Just want to share that this worked very well for me on my APU2 (great low power option - 5-6W idle with attached Zigbee controller and a lot of integrations- for running Home Assistant!) in May 2025.
Basic process was follow the Github instructions above (GitHub - pcengines/pce-fw-builder: PC Engines firmware builder based on coreboot-sdk) on your main Linux box and build a coreboot.rom with tianocore payload- the tricky part in the Github instructions was #8. Basically, you want to make your menu look just like the one in the picture- you pick the Tianocore payload on the first option (it replaces what’s there), you deselect the PXE option, go to the secondary Paylods option and disable everything, and the tricky one for me was you select the option with the commit SHA, and literally just paste this string in there: " origin/coreboot-4.7.x-uefi" and in the end your menu will look just like the one in the picture. Save, leave, run the last part of the build, and as they say in the instructions, the output is in release/coreboot/build and it will be called ‘coreboot.rom’.

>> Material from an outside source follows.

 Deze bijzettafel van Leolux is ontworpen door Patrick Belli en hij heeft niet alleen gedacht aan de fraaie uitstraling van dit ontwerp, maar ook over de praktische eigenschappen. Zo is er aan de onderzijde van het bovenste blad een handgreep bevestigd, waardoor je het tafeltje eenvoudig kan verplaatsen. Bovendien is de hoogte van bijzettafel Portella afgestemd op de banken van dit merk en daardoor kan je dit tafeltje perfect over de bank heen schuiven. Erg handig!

You now want to look at this page at how they build a Debian standard live USB and access it from the APU and log in. : install flashboot per APU bios upgrade instructions
On that page it also dells you how to flash a rom from Debian. You need to figure out how to get the file on there (I have network samba share and just pulled it into the live Debian env), and ran the flasher. At the end of the instructions on PcEngines, it tells you what to do if there is an error running the flasher command (I ran into this and their instructions worked great).

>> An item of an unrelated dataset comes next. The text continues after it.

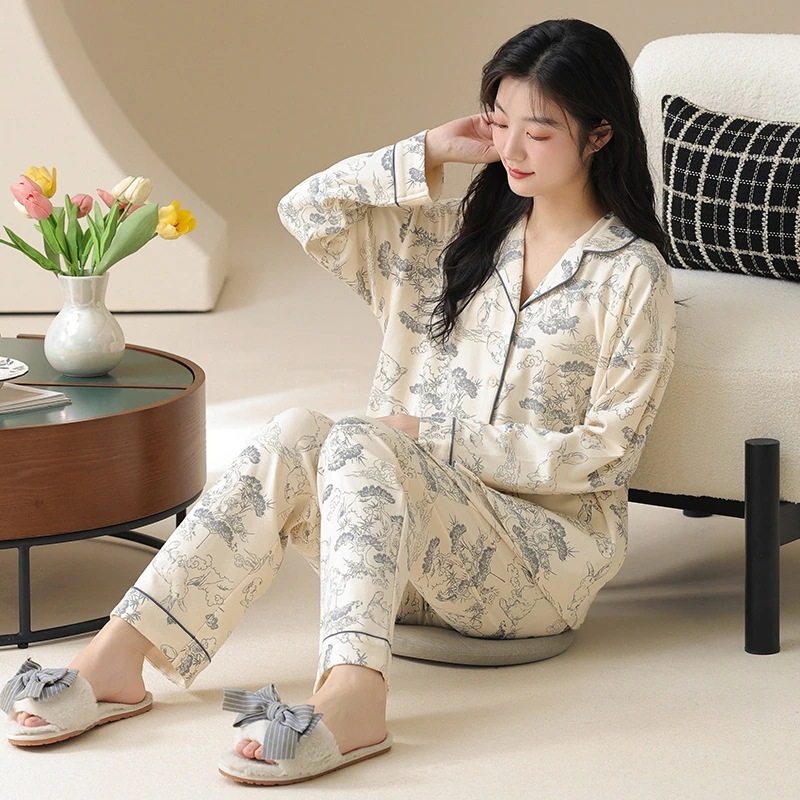パジャマ レディース新作カーディガン長袖長ズボンシンプルカジュアルセットホームウェア

Next you basically follow these instructions in your Debian live env after restarting: Generic x86-64 - Home Assistant
But instead of using the GUI, you’re going to run something like:
sudo dd if=haos_generic-x86-64.img of=/dev/sda bs=4M status=progress conv=fdatasync
Make sure to use the right file name and directories.
Then you’re going to want to make a couple modifications to the cmdline.txt so you can actually see terminal output as someone mentioned above, so while you’re in the Debian env still, you need to run:
sudo mkdir -p /mnt/hass
sudo mount /dev/sda1 /mnt/hass
And then navigate to /mnt/hass/cmdline.txt (it’s somewhere in there!) and replace the one line string in there with console=ttyS0,115200.

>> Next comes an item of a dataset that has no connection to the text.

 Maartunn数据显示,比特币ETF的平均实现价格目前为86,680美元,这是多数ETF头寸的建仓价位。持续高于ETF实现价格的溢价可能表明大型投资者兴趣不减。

Now run ‘sudo umount /mnt/hass’ and restart and unplug your drive and… everything should work great ![]()
I’ve seen some commands above to edit grub files and boot orders and such but I didn’t really find that I needed to do this- but maybe this will be an issue after there is a major upgrade? If anyone above can comment on this and hand hold me through how and where to make this modification, that would be great.